A Novel Framework for Complex Dynamic Job-Shop Scheduling (DJSP) using Reinforcement Learning
The low profit margins and highly cyclical nature of the aviation industry and affiliate industries makes the costs associated with delays and the propagation thereof severe, leading to significant research into understanding the root causes and the development of prediction networks, early-warning systems and robust systems. Ground handling agents are unique aviation stakeholders, given the scope of the work they do and the required skillset. Ground handling operations consist of a multitude of intricate and codependent processes, requiring a fleet of specialised equipment and well-trained staff. Given that on-time-performance is one of the key performance indicators for ground handling agents, there is significant interest in designing their operations to prevent delay generation and absorb the effects of incoming delays.
This thesis delves into the world of scheduling using Reinforcement Learning (RL), developing a proof-of-concept for the scheduling of ground handling equipment to flights using RL, a small cog in the larger monitoring, simulation and AI-driven recommendation system being developed for Swissport in the brAIght project.
A Dynamic Job-shop Scheduling Problem (DJSP) formulation of the ground handling equipment (GHE) scheduling task was developed and a custom RL environment developed to generate solutions. Variable instance parameters allow the developed model to be highly customisable.
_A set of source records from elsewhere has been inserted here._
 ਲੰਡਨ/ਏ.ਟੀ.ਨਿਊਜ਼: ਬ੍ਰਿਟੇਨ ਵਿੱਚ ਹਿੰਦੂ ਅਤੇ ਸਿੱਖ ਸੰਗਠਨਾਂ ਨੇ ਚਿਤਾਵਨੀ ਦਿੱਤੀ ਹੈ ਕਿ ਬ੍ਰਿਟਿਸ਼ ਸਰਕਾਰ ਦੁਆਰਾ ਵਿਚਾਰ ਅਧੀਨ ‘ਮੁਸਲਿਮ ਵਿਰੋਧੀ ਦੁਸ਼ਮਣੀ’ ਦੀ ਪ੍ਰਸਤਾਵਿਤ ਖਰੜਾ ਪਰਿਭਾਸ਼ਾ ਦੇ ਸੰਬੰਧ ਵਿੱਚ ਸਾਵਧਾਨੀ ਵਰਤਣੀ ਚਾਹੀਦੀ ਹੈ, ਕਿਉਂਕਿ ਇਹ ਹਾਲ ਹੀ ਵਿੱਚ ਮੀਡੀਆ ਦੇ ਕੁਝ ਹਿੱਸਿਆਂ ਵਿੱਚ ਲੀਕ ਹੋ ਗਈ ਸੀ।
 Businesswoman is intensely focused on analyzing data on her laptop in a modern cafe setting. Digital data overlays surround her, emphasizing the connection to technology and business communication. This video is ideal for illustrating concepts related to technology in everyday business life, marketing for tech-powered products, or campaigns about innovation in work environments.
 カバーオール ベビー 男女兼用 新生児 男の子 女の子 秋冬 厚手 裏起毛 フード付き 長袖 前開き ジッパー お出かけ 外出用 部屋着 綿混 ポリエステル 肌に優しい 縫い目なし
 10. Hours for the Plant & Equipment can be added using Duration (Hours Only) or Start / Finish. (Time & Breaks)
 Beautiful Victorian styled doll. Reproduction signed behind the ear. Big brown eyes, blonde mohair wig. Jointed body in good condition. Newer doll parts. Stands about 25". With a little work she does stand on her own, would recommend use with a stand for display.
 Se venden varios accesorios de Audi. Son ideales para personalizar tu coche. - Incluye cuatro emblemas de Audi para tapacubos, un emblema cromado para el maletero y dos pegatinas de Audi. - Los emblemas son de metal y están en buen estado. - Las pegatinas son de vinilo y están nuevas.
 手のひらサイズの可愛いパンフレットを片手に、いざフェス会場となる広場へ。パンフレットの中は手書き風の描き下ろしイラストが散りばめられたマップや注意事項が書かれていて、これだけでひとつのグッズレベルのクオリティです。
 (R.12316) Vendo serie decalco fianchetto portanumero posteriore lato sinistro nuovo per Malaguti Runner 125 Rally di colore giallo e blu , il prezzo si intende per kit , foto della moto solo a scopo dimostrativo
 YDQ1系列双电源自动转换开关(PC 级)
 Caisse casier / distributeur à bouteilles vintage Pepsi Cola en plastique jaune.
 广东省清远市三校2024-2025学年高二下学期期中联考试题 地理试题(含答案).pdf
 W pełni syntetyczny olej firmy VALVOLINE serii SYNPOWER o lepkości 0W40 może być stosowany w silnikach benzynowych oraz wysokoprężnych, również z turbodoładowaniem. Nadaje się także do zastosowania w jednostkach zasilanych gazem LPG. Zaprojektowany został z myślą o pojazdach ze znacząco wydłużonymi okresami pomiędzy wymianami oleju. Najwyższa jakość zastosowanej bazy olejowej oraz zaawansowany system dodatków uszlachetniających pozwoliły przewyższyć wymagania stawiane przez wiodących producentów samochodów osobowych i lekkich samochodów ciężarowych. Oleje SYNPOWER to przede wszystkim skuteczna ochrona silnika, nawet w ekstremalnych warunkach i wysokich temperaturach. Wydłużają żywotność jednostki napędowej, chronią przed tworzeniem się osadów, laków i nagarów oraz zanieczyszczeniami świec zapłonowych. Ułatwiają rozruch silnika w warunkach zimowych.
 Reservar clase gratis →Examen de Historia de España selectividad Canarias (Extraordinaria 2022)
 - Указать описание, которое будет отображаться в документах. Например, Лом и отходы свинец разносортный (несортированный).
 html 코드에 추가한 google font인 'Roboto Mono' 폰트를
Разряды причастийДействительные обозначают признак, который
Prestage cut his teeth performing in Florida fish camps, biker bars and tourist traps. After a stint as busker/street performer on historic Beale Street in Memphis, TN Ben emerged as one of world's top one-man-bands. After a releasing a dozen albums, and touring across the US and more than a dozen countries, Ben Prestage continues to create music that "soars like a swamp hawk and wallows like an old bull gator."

The RL agent was trained and tested using custom-generated instances of various sizes and complexity (for example Figure 1), considering both parallel and sequential process interdependencies are considered, a novelty within the field of the DJSP.
Figure: An example of a test process with 8 subprocesses, three parallel branches, two of which contain sequentially dependent operations.
The RL agent was quickly able to perform simple scheduling tasks, proving the potential of applying RL to the DJSP. While the agent initially struggled to schedule larger and more complex problems in an optimal manner, further development put it on a trajectory of improvement and a detailed analysis of the learning curves and model parameters shed light on areas requiring further work and was able to provide learnings for continued development.